Ali Çehreli:
Agreed.
But I am not that sure about this particular function anymore
because for the function to be not 'strongly exception safe',
the input string must be invalid UTF-8 to begin with.
I am not sure how bad it is to not preserve the actual
invalidness of the string in that case. :)
I see. This is a matter of design. I see some possible solutions:
1) Do nothing, assume input is well-formed UTF-8, otherwise
output will be wrong (or it will throw an exception unsafely).
This is what Phobos may be doing in this case.
2) Put a UTF validate inside the function pre-condition if the
input is a narrow string. This will slow down code in non-release
mode, maybe too much.
3) Use a stronger type system, that enforces pre-conditions and
post-conditions in a smarter way. This means if the return value
of a function that has 'validate' inside its post-condition is
given as input to a function that has 'validate' inside its
pre-condition, the validate is run only once even in non-release
mode. Generally if you use many string functions this leads to
the saving of lot of 'validate' functions.

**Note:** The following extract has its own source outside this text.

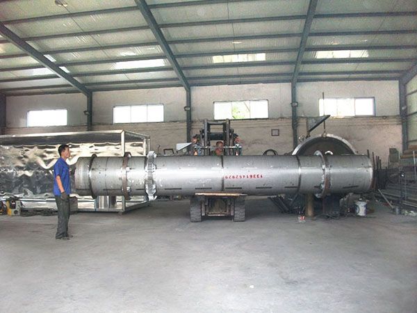 干燥的濕物料由皮帶輸送機或斗式提升機送到料斗,然后經料斗的加料機通過加料管道進入加料端。加料管道的斜度要大于物料的自然傾角,以便物料順利流入干燥器內。干燥器圓筒是一個與水平線略成傾斜的旋轉圓筒。物料從較高一端加入,載熱體由低端進入,與物料成逆流接觸,也有載熱體和物料一起并流進入筒體的。隨著圓筒的轉動物料受重力作用運行到較底的一端。濕物料在筒體內向前移動過程中,直接或間接得到了載熱體的給熱,使濕物料得以干燥,然后在出料端經皮帶機或螺旋輸送機送出。在筒體內壁上裝有抄板,它的作用是把物料抄起來又撒下,使物料與氣流的接觸表面增大,以提高干燥速率并促進物料前進。載熱體一般分為熱空氣、煙道氣等。載熱體經干燥器以后,一般需要旋風除塵器將氣體內所帶物料捕集下來。如需進一步減少尾氣含塵量,還應經過袋式除塵器或濕法除塵器后再放排放。

This solution is
appreciated by Eiffel languages.
4) Use two different types, one for validated UTF-8 and one for
unvalidated UTF-8. Unless you have bad bugs in your code this
will avoid most calls to 'validate'. This solution is very simple
because it doesn't require a smart compiler, and it's appreciated
in languages like Haskell (example, see: http://www.yesodweb.com/
).
Bye,
bearophile